Stock exchanges in Asia and Europe have made tremendous strides in raising equity capital for companies over the past three years. Is U.S. superiority at an end?

Deep into the largest financial shock since the Great Depression, it is easy to imagine that the rise of the Chinese and Indian economies and the resurgence of London as a financial center could tilt the balance of capital-markets power. America’s biggest global banks, desperate to rebuild capital ratios, are surviving on life-supporting cash infusions from sovereign wealth funds. Huge chunks of the once-vibrant securities markets in the United States, such as collateralized loan obligations and asset-backed mortgages, are moribund. And prominent international bankers, like HSBC group chairman Stephen Green, are declaring the end of Wall Street’s “center of the universe” status.

The numbers speak volumes. The combined domestic market capitalization of Nasdaq, the New York Stock Exchange, and the American Stock Exchange ($18.2 trillion as of last June) accounted for just 35 percent of the total on exchanges worldwide. That’s down from 52 percent in 2001, according to the Committee on Capital Markets Regulation (CCMR), an advocacy group. While the market capitalization of exchanges outside the United States has grown 22 percent since 2002, U.S. exchanges have seen their collective market cap rise only 9 percent. And today, when foreign companies go public outside their home countries, they choose the United States much less frequently.

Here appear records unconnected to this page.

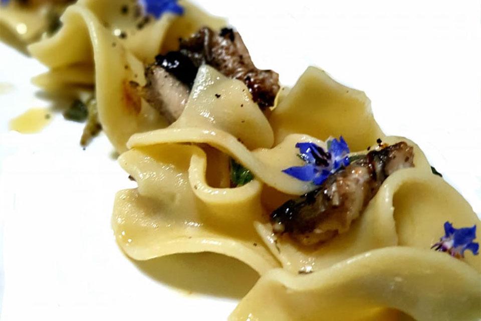 Sono un spettacolo questi trucioli di Mariangela Ruggiero con l'anguilla marinata al trombolotto e la borraggine.Siamo all'Hotel Mediterraneo a Ogliastra, in provincia di Alghero, in Sardegna
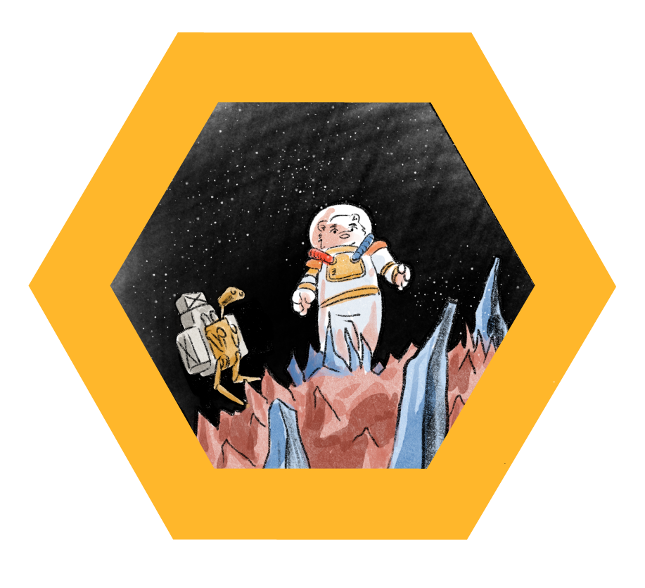 Пока первопроходец исследует неизведанные уголки новой планеты, его сопровождает верный спутник – двуногий дрон, который должен быть надежным защитником и поддержкой во всех испытаниях. Он напоминает помощников, которые есть у каждого школьника на Берлоге, только требования к надежности и экономичности в его случае куда серьезнее. Многие из этих роботов, послужив в космосе, возвращаются на Берлогу и отправляются на пенсию. Ведь медведи подобно нам умеют привязываться к неодушевленным предметам и ценят верность и преданность двуногих дронов.
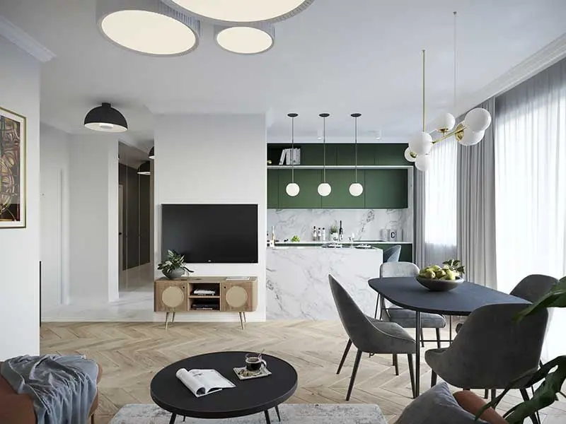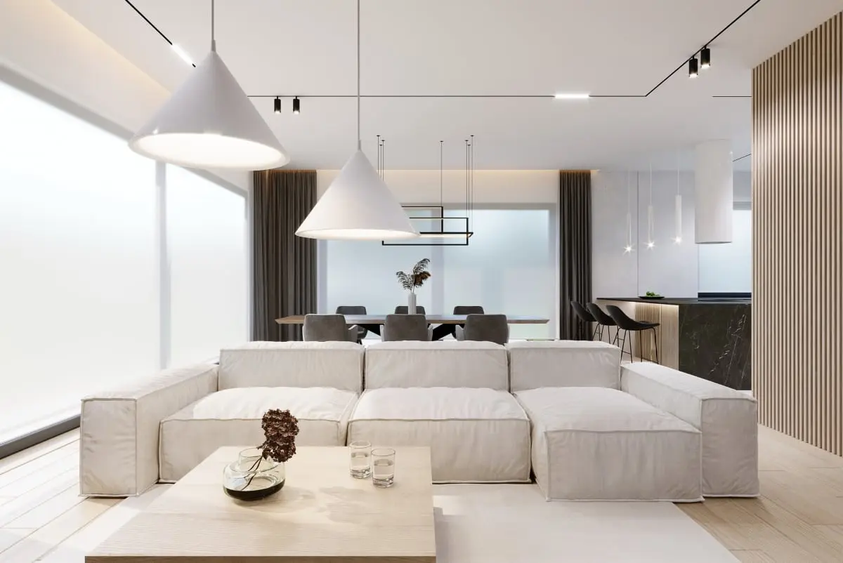 Gdy zdecydujemy się na otwartą strefę, będziemy potrzebować dużo źródeł światła – wtedy musimy osobno oświetlić każdą ze stref – wypoczynkową, salonową oraz jadalnianą.

“As recently as the late 1990s, the U.S. market was the envy of all other markets in terms of its liquidity, its access to capital, and the strength, once a company had gone public, that being public provided,” says Murray Beach of TM Capital Corp., a Westwood, Massachusetts-based investment banking firm. “Today that’s not the case.”

Weaker public markets in the United States could make it tougher for CFOs to attract well-capitalized equity investors — the ones that give venture-capital and private-equity shops a way to underwrite start-ups. A market with lower liquidity can also exacerbate and sustain price-deflating market crises and make issuing follow-on deals dilutive. And if U.S.-bred CFOs have to sojourn abroad and educate emerging-market investors on their company’s prospects, the learning curve will be steep.

Many bankers and other capital-markets players dismiss the idea that the United States is no longer at the pinnacle of equity markets, or that hordes of U.S. companies are about to export their listings abroad. Nasdaq senior vice president Bob McCooey of the exchange’s capital-markets group insists that “the gloom and doom we hear almost constantly is very overblown.” Says Don Ogilvie, independent chairman of the Deloitte Center for Banking Solutions: “We have the best, strongest, and most innovative financial system in the global economy.”

To CFOs and other executives, however, a possible demotion of the United States in the global pecking order is real. “We’ve lost our edge,” asserts John Sauickie, founder of money management firm Titanium Asset Management Corp., which went public last year.

London Calling

CFOs have been voting against the United States with their feet. In the first half of 2008, of the 27 initial public offerings that CCMR identified as being executed by U.S. companies, 6 (22 percent) listed on a foreign exchange only, up from 8 percent in 2007. The big winner? London. During the first seven months of 2008, the London Stock Exchange (LSE) was home to 22 international IPOs that raised $5.8 billion. That was 3 IPOs and nearly $4 billion more than three of its biggest competitors — the U.S.-based NYSE Euronext and Nasdaq OMX, plus Germany’s Deutsche Bourse — combined.